§ **Task details**: Once you find the line with "放入预热好的烤箱中层,烘烤16分钟,烤至蛋挞表面出现焦糖色即可出炉;" in the data below, transcribe exactly each line from there to the line with "带有日期、星期、月份和月相显", inclusive, and nothing else. Drop the pictures.

§ **Material provided**:

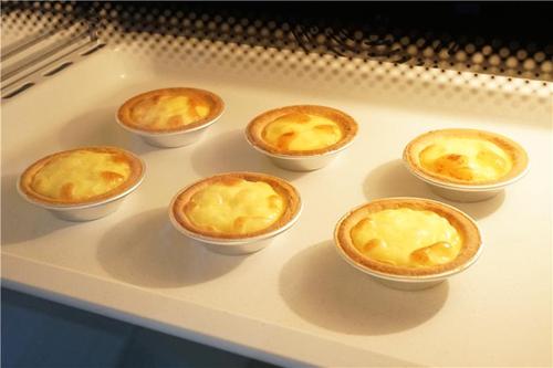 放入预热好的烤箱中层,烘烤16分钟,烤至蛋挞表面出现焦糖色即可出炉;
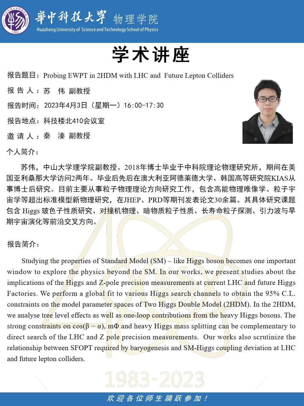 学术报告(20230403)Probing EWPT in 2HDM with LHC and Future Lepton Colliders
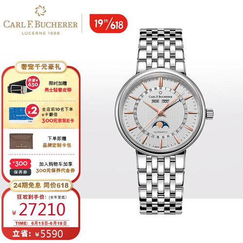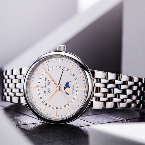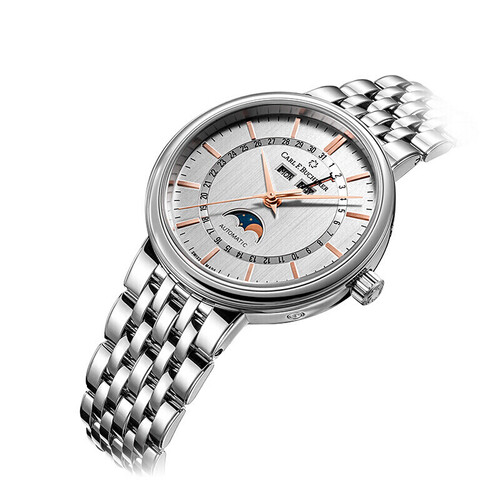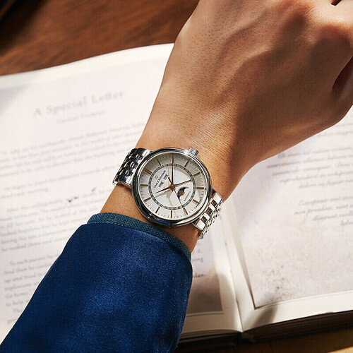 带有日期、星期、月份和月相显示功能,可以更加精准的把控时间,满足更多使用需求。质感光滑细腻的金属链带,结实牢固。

...

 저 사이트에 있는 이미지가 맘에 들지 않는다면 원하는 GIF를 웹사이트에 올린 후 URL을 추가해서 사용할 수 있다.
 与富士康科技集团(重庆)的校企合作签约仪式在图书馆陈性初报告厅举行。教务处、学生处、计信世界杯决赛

§ **Response area**:
 放入预热好的烤箱中层,烘烤16分钟,烤至蛋挞表面出现焦糖色即可出炉;
 学术报告(20230403)Probing EWPT in 2HDM with LHC and Future Lepton Colliders
 带有日期、星期、月份和月相显示功能,可以更加精准的把控时间,满足更多使用需求。质感光滑细腻的金属链带,结实牢固。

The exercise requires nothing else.